I've been spending my last couple weeks in getting to understand git better and how it works under the hood. Once I understood the inner workings, things like git's 3-way merge and interactive rebase became much clearer to me and I felt more confident with git. So, without wasting any further time, let's get started in understanding how git works.

Every git repo contains a .git directory and everything git tracks or is aware of is stored in this .git directory. The .git directory is where all the magic happens. Let's create a brand new git repository and have a look at what's inside the .git directory. If you list the files in the .git directory, you will see a similar directory structure.

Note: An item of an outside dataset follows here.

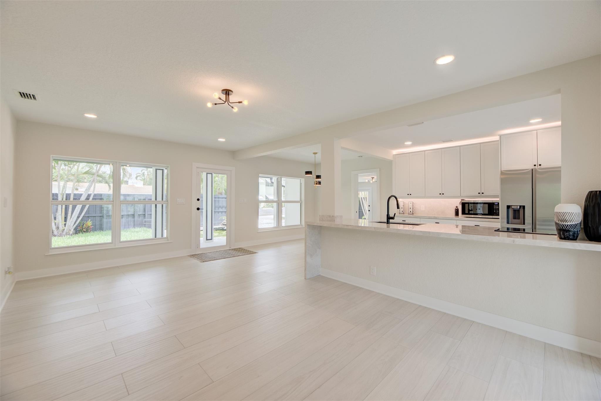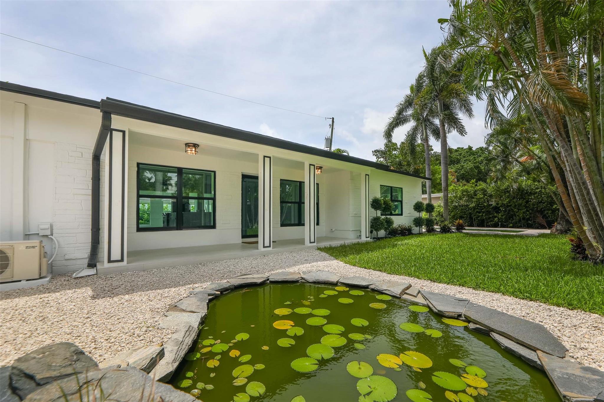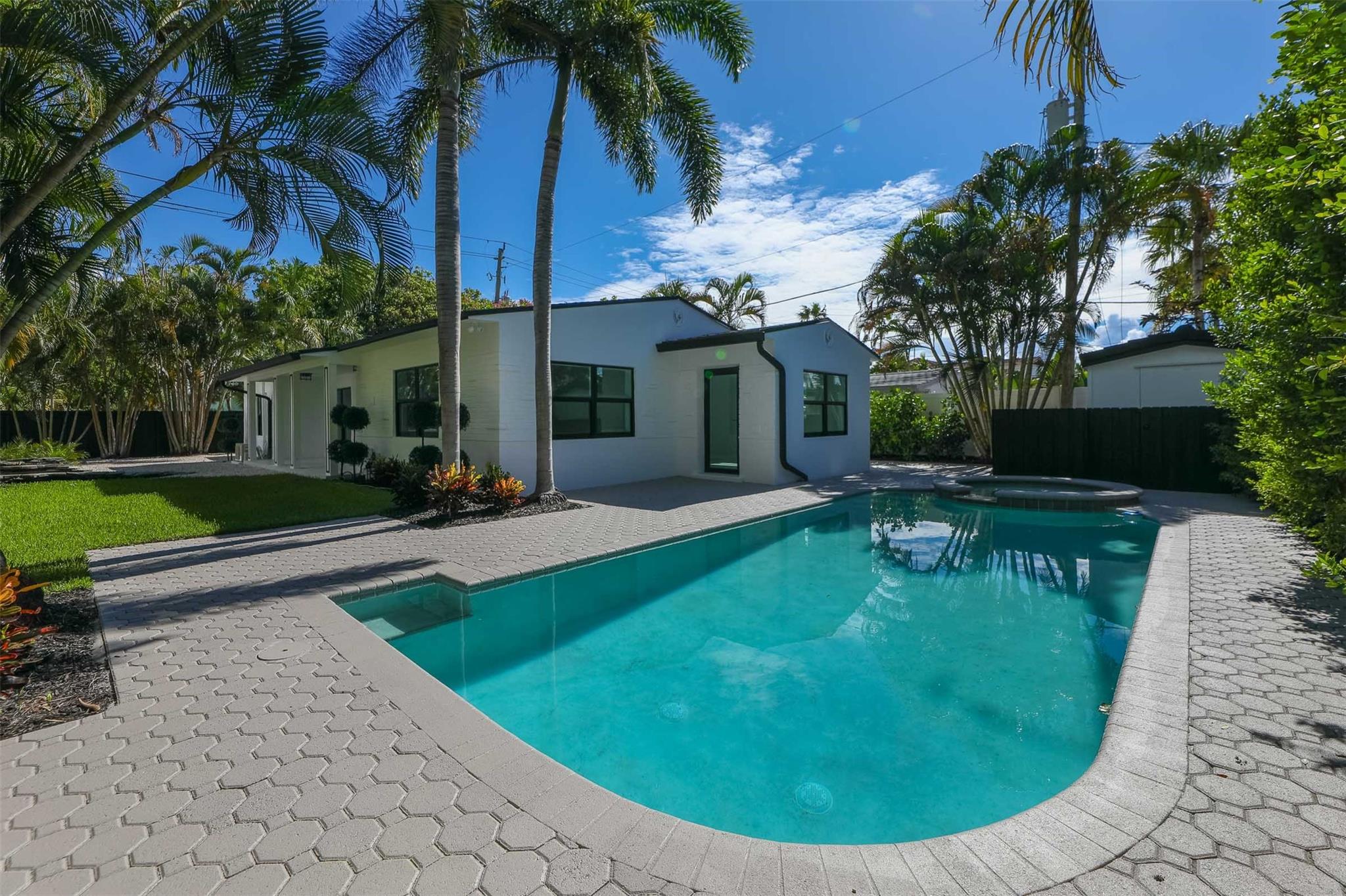 3 bed/3 bath Victoria Park pool home (almost 1900 sf) with koi pond (walking distance to beach, restaurants and entertainment) large master with den; all impact windows and doors; new roof (2024) newer AC (3 yr) and water heater (2 yr); all new ceramic tile flooring; new kitchen with granite and stainless steel appliances; new electric pool heater (1 yr) with waterfall & spa; updated electric; mature tropical landscaping; interior laundry room; completely fenced for tropical privacy! Great as a rental/Airbnb as two bedrooms have separate entrances. GREAT SCHOOLS! HARBORDALE ELEMENTARY!

tree directory tree of a fresh git repo

I have briefly explained what each file/directory is about, if some or most of it doesn't make much sense to you then do not worry. After we go through the process of making a commit, things will be more clear. In this post, we will focus on the object's directory and look at the other directories in the next post. Let's make our first commit and see if we notice any changes in our .git directory. Let's create a brand new git repo and create a file named file1.txt with the content "hello world" in it.

file1.txt file1.txt

Now let's create our first commit by commiting file1.txt to git and see how it changes the .git directory.

1. git add file1.txt 
2. git commit -m "Initial commit"

tree after commit you might have files with different names, since these file names depend on your git configurations

As you can see, after the commit there are 3 new directories in the objects directory with one file in each one of them. Now, let me explain what these three files are about and how and why did git created them. In Git's term, these three files are called object files. There are four types of object files in git:

  1. Blob - A "blob" is used to store file contents.
  2. Tree - A "tree" stores information about files/directories like their name, permissions etc and references to other tree objects
  3. Commit - A "commit" stores reference to a single tree (what i like to call the root tree object), marking it as what the project looked like at a certain point in time. It also contains meta-information about that point in time, such as a timestamp, the author of the changes since the last commit, a pointer to the previous commit(s) (also called parent commit), etc.
  4. Tag - A "tag" is a way to mark a specific commit as special in some way. It is normally used to tag certain commits as specific releases.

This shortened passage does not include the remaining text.